# New Limited Edition Russian Watch



## luckywatch (Feb 2, 2013)

Check this out. Described as a chronograph and priced at $695.00 on the bay.

161128201200


----------



## mach 0.0013137 (Jan 10, 2005)

Why does this listing - 161128206428 , have it priced at $490 :huh:

Looks to me like it should be more like $49, though I wouldn`t want one if it was going for $4.90


----------



## Draygo (Mar 18, 2010)

Is this Raketa's move into the Toys 'R Us market?


----------



## chris.ph (Dec 29, 2011)

horrid even at 4.90 :wallbash:


----------



## mcb2007 (Dec 12, 2013)

I think I've just gone blind , take it away please


----------



## chris.ph (Dec 29, 2011)

after that votr of confidence scott will definitely have his name down for one :tongue2: :tongue2: :tongue2:


----------



## Lampoc (Oct 31, 2010)

As well as being overpriced, these new Raketas are apparently quite rare due to the Olympics Committee getting upset and banning Raketa from making any more.

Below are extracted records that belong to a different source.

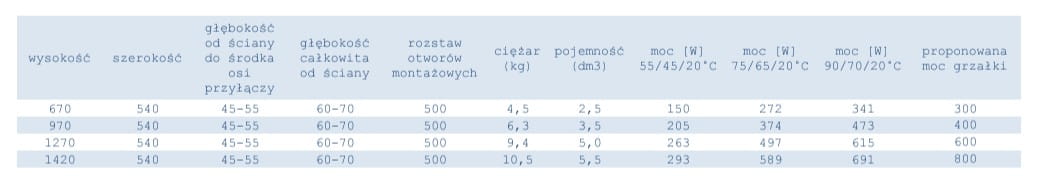 ✅ moc grzejnika zależnie od wielkości od 270 do 590 W
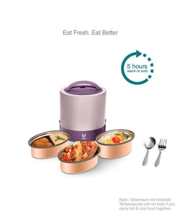 What’s In The Box:- One 600 ml Container & One 400 ml Container, Two Lids, Two Partitions, Base, a Vacuum Insulated Outer Shell; Colour: Purple, Material: Stainless Steel, Container: Copper-finish, Shape: Oval, Capacity: 1000 ml.Ideal tiffin box for office for men and women.
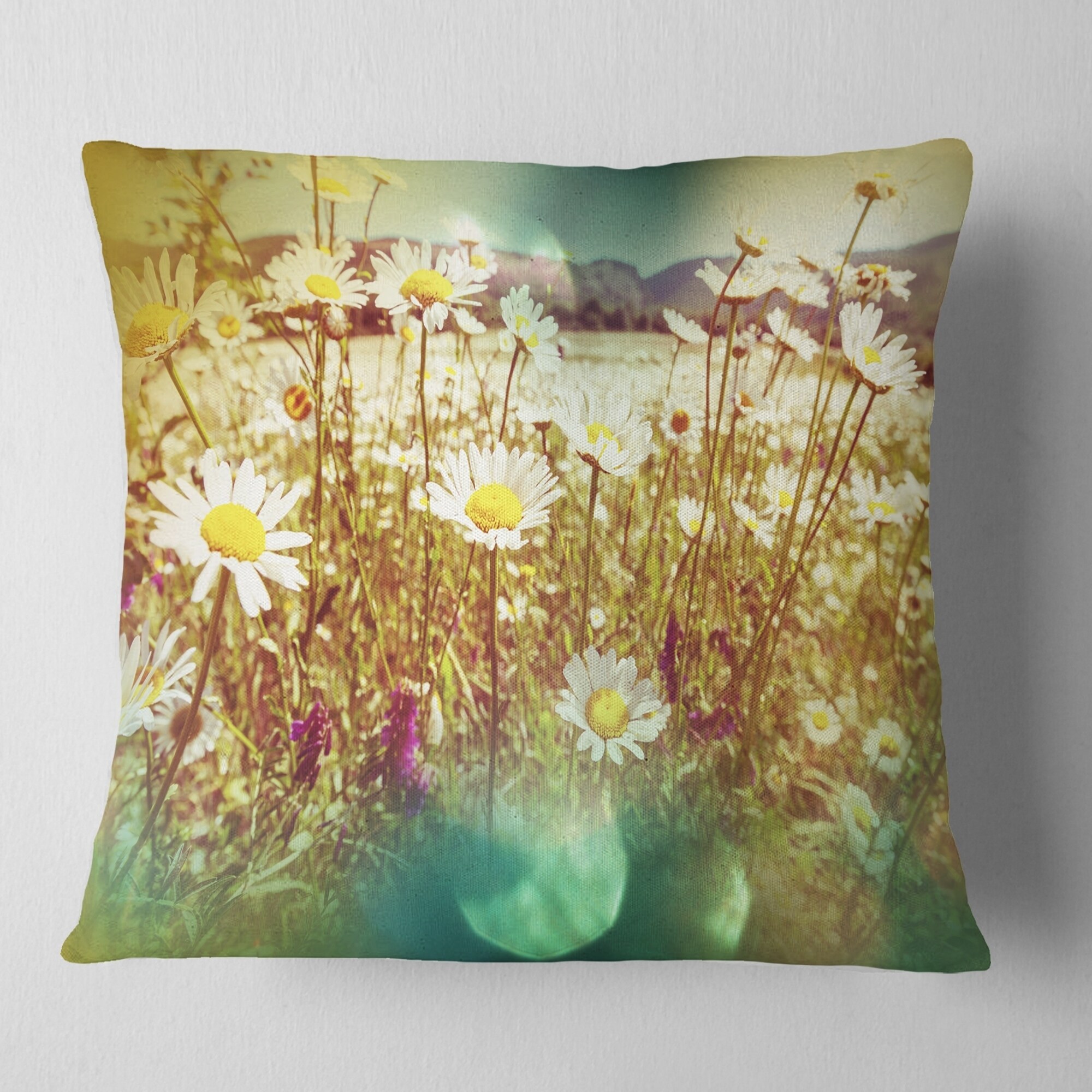 Designart 'Wild Spring Chamomile Flowers' Traditional Printed Throw Pillow
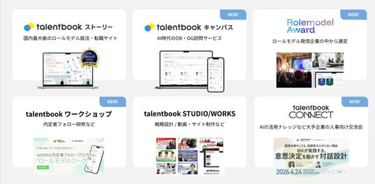 あわせて、既存の採用広報サービスを「タレントブック・ストーリー」として正式にシリーズ化。「ロールモデル」を起点とする採用支援ソリューションとして展開してまいります。
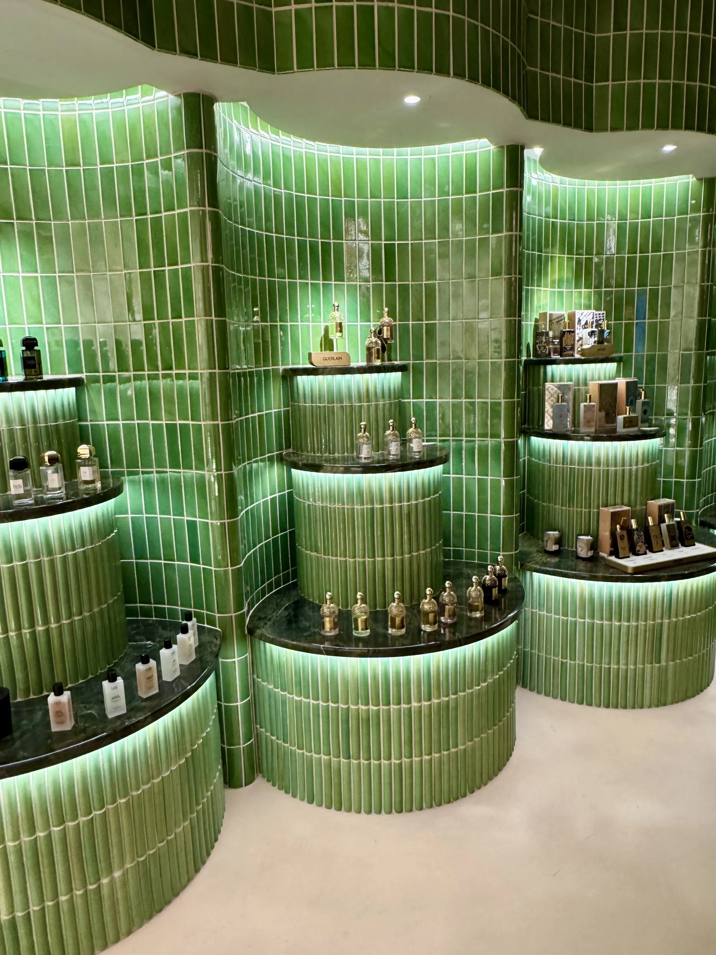Apothecary - Curved niches with Printemps green tiles showcase French fragrances and beauty products. Scents can be blended and customized for each guest as well.
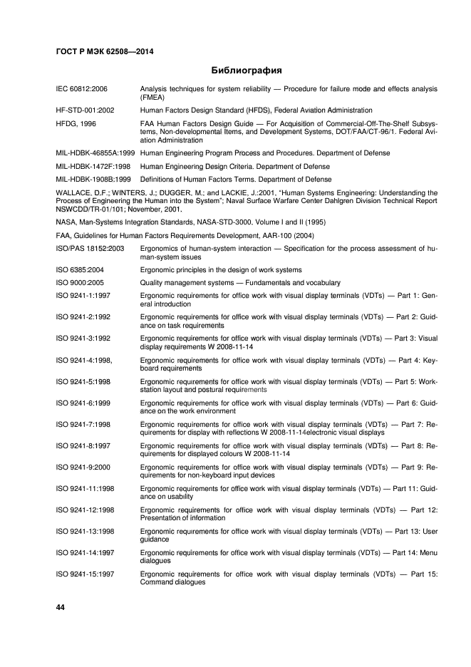 | Область и условия применения: | В настоящем стандарте установлено руководство по обеспечению надежности, связанной с человеческим фактором, и ориентированное на методы человеко-ориентированного проектирования и повышения надежности, которые могут быть использованы на всех этапах жизненного цикла системы. В стандарте описаны качественные методы. Примеры количественных методов приведены в приложении A.
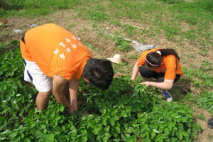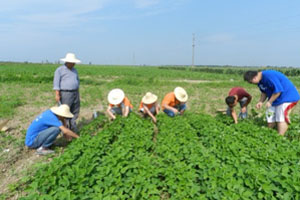 实践队不仅对棉科所的规模、运作方式、农作物种植情况进行了调研,还来到田间地头,亲身体验劳作。棉花整枝、大豆间苗、松土,虽然是简单的农活,但对来自城市的队员们来说,要做好也并不容易。经过棉科所工作人员的指导,队员们纷纷卷起衣袖,投入到劳动中,不一会儿,原本杂乱的田地就面目一新了。烈日炎炎,豆大的汗珠从队员们脸颊滴落,但队员们笑得很甜。他们说,在晴空旭日之下,亲历亲为,感受这种农作的乐趣,重新体验孩提时那首《锄禾》给我们带来的无限回味,是一件非常有意义的事。
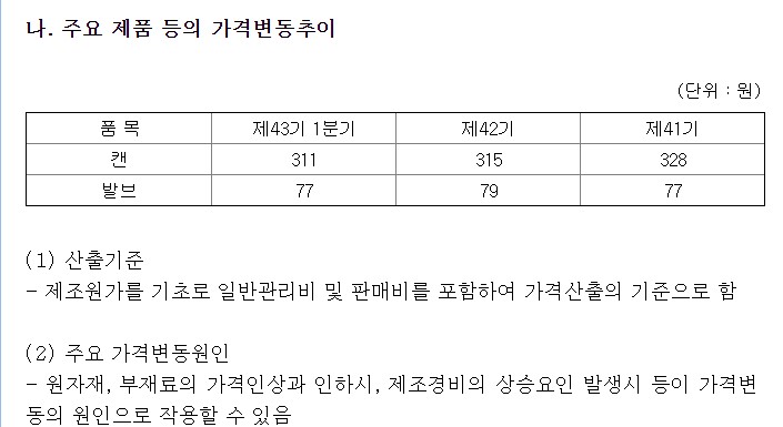 주요 제품의 가격은 ’캔‘의 경우 지난 3년간 지속 하락세, ’발브‘의 경우 상승과 하락을 반복하고 있습니다.
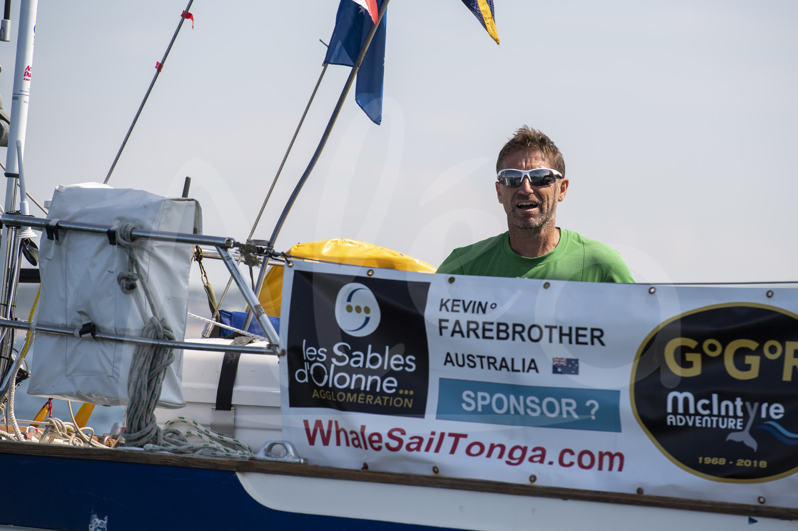 | Description | Golden Globe Race Start - Kevin Farebrother (Australie) - Sagarmatha, in Les Sables d'Olonne, France, on July 1st, 2018 - Photo Olivier Blanchet / AleA |
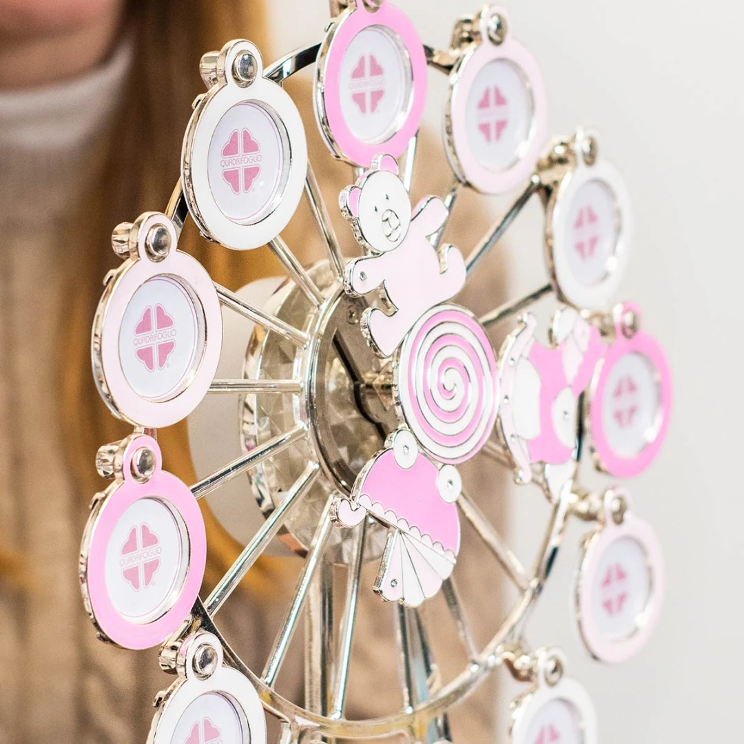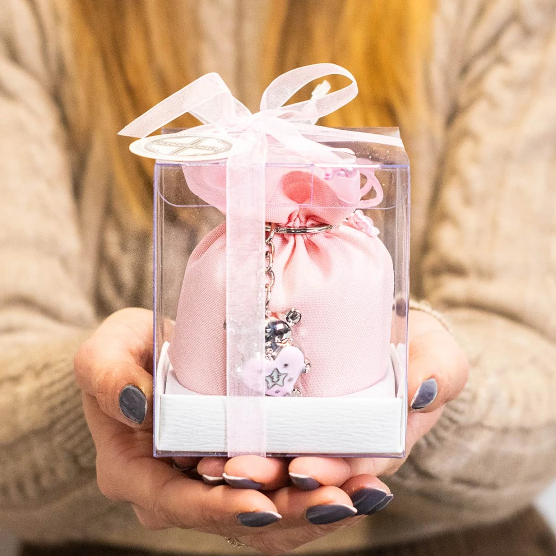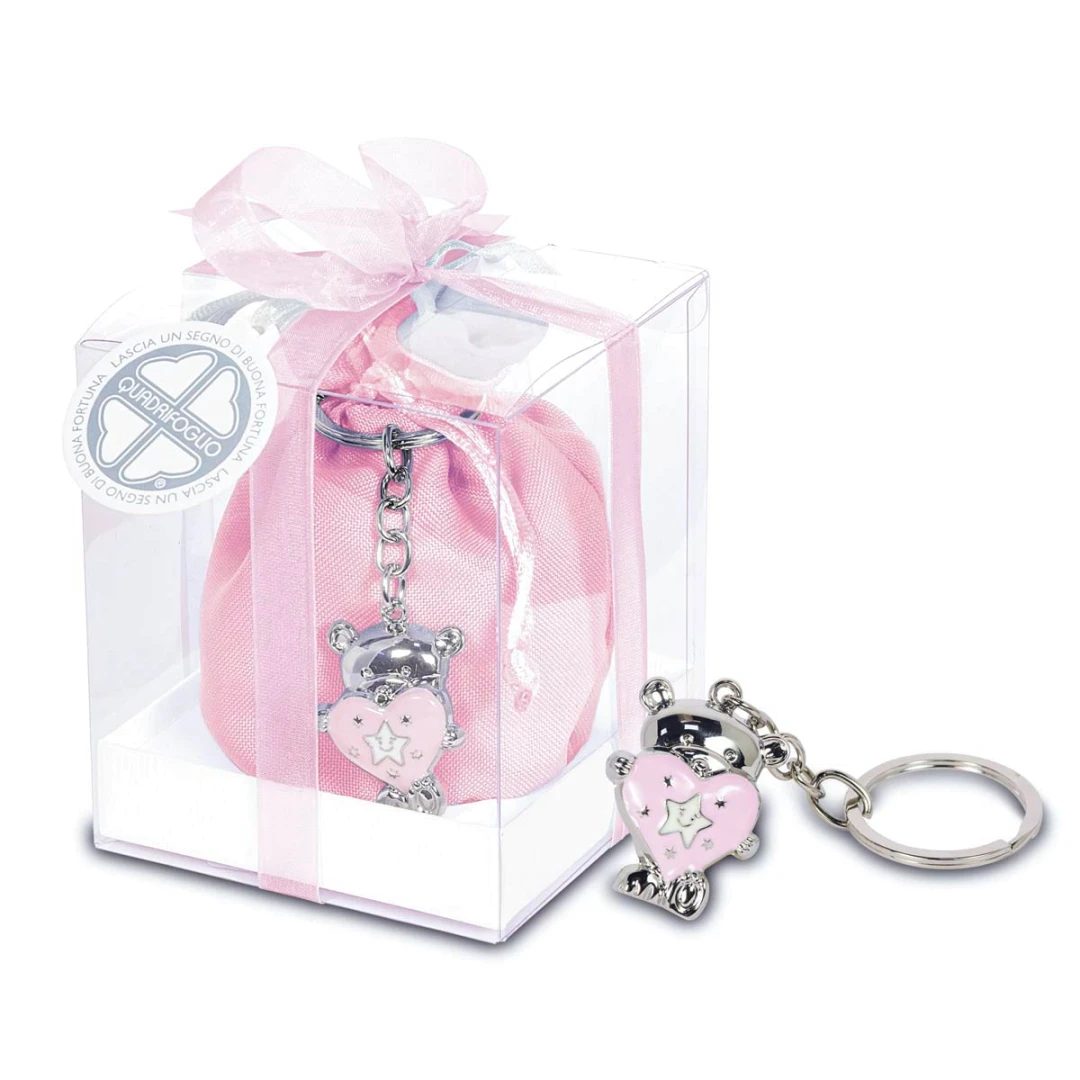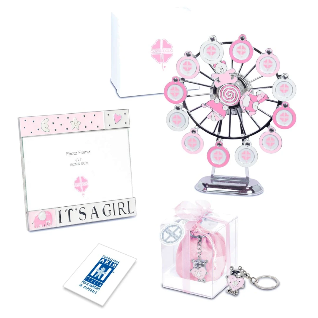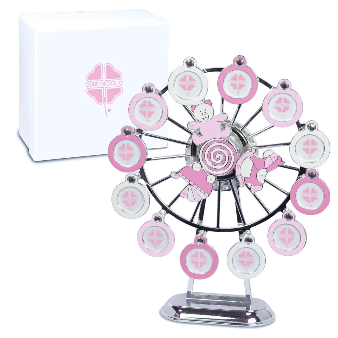 Bomboniere Solidali Quadrifoglio 2026 Linea Nuvola Rosa, composta da portachiavi a forma di orsetto, portafoto carillon a forma di ruota panoramica e portafoto da appoggio il tutto in metallo decorato, ottimo compromesso tra bomboniera e beneficienza, parte del ricavato sarà devoluto alla fondazione ABIO (ass.italiana per il bambino in ospedale), complete di certificato di donazione e scatola (il portachiavi include anche nastro in organza con scatola in pvc). Prezzo cadauno. Prodotto Artigianale.
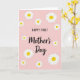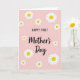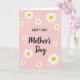 This card features a vertical layout on a soft pastel pink background, setting a gentle, affectionate tone ❤️. Near the top, the words “HAPPY FIRST” appear in black, using a simple sans-serif style that feels direct and steady. Centered beneath, “Mother’s Day” is written in flowing black lettering, adding a tender, intimate touch like a warm note shared between close family 👩. The text sits prominently in the middle, leaving breathing room around it so the message feels calm and focused. Across the background, daisy-like flowers are scattered in a loose pattern, suggesting a light, celebratory moment without looking stiff or overly arranged. Each bloom has white petals with sunny yellow centers, and the flower sizes vary to create a soft sense of movement around the words. The pink field is dotted from top to bottom with these white-and-yellow blossoms, with several floating near the corners and along the sides.
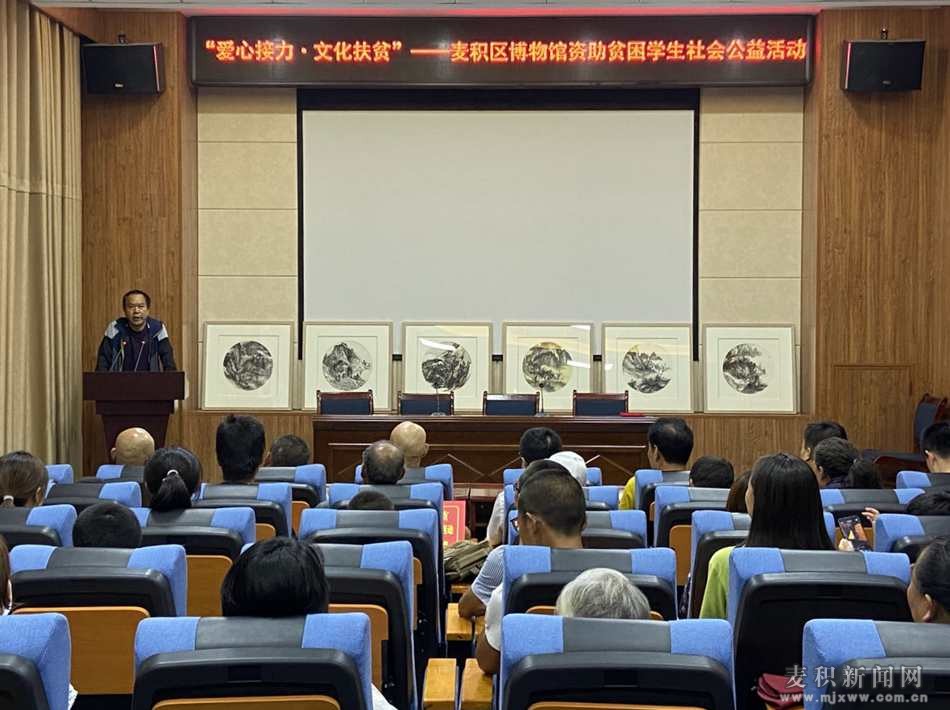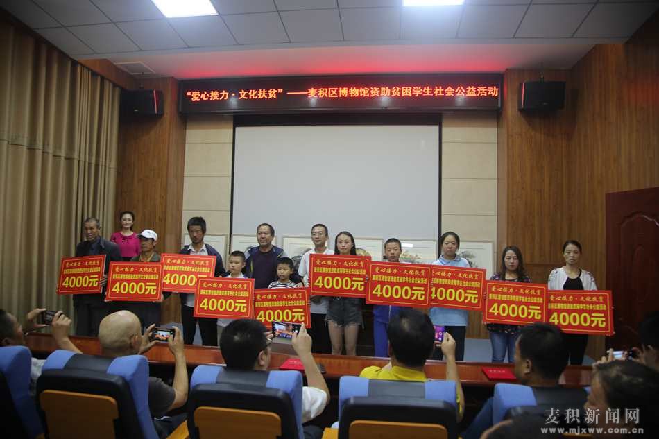 麦积区融媒体中心讯(记者 王雯)7月12日,麦积区博物馆举办“爱心接力·文化扶贫”资助贫困学生社会公益活动,丰富的活动不仅让书画艺术因公益慈善而变得温暖,同时也助推了麦积区文化扶贫工作。
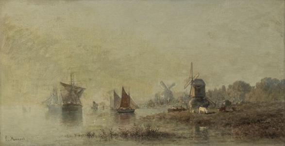 Canal dans la campagne hollandaise, huile sur toile, signée, 17x...
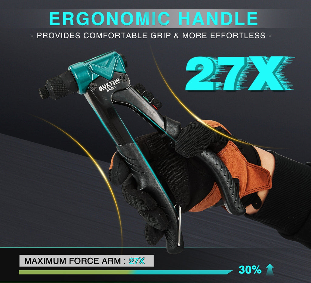【Ergonomic Grips and Handle Lock】The ergonomically designed handle of the rivet gun allows for effortless and easy riveting tasks. This manual rivet gun comes with a PVC handle cover to protect your hands from injury, and the handle lock design allows for good storage and easy carrying.
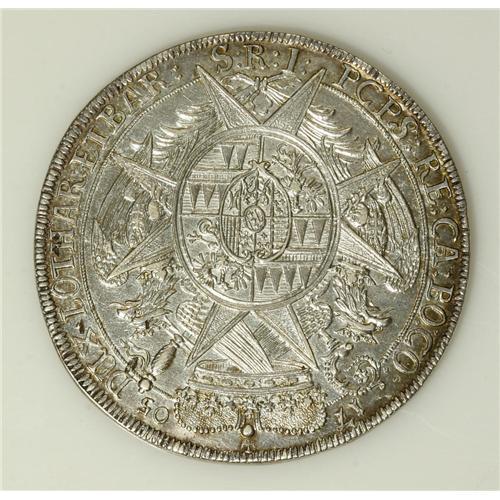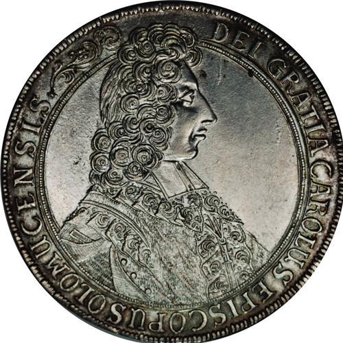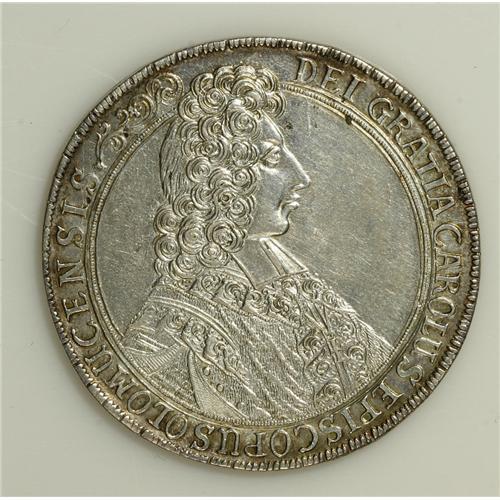 <B>Olmutz. Karl III Josef Taler 1705, </B></I>KM115, Davenport 1209, lightly toned AU, bold design features, two tiny spots on the obverse.<BR><BR><b>Shipping:</b> Coin/Currency (<a target="_blank" href="http://www.heritageauctions.com/common/shipping.php">view shipping information</a>)
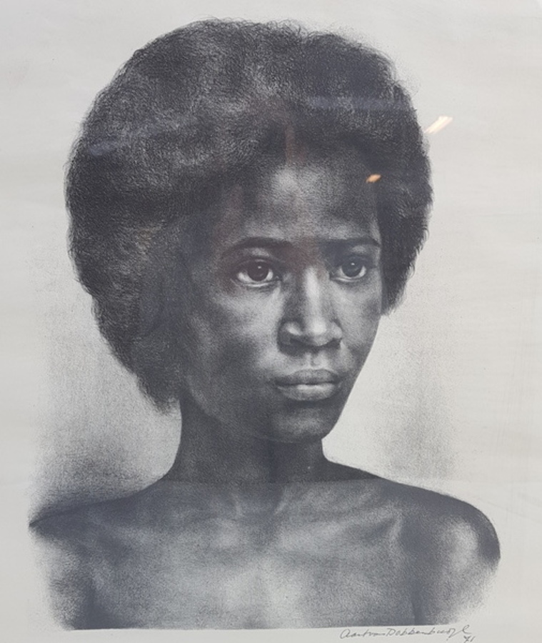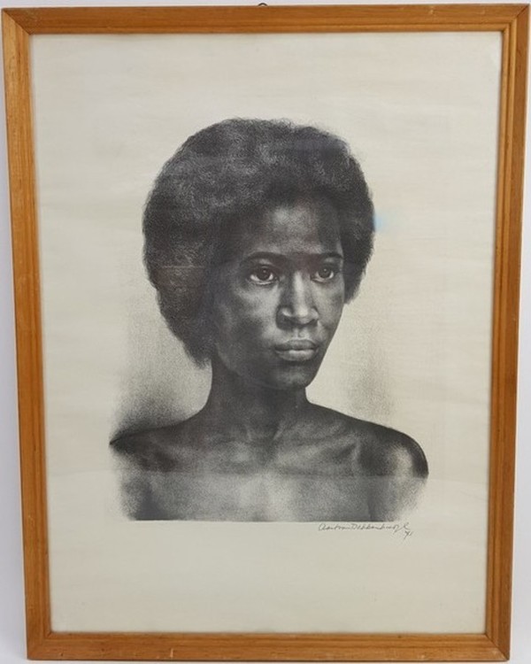 Lithografie, portret van donkere vrouw, gesigneerd Aart van Dobbenburgh

More here: http://www.raketa.com/stopped-selling-watches-raketa-for-sochi/


----------



## Kutusov (Apr 19, 2010)

:bad: :bad: :bad: ...vile...


----------



## Lampoc (Oct 31, 2010)

Kutusov said:


> :bad: :bad: :bad: ...vile...


 It's in excellent taste compared to some of Raketa's latest offerings.... New World Timer anyone?


----------



## luckywatch (Feb 2, 2013)

I thought it has a lovely strap. :jump: :jump:


----------



## Time Bomb (Dec 28, 2013)

Good god, its a watch for play days.


----------



## Kutusov (Apr 19, 2010)

Lampoc said:


> Kutusov said:
> 
> 
> > :bad: :bad: :bad: ...vile...
> ...


 ooh: ooh: ooh: ooh: Stop posting that, I'm running out of fluids here... :alcoholic:

I'm glad they've spent all that money on PR and bashing the old ones just so they could come out with those disaster zones..


----------



## Lampoc (Oct 31, 2010)

Despite the fact they're making truly hideous timepieces, in fairness to Raketa they seem to be balancing this out by making some rather nice stuff too.


----------



## Kutusov (Apr 19, 2010)

Well, at least Raketagirl is really nice stuff... :naughty:


----------



## teadazed (Nov 19, 2013)

My eyes!


----------



## chris.ph (Dec 29, 2011)

Kutusov said:


> Lampoc said:
> 
> 
> > Kutusov said:
> ...


dear god , thats hideous. i prefer my gold one, i gave the silver one to my mother :thumbup:


----------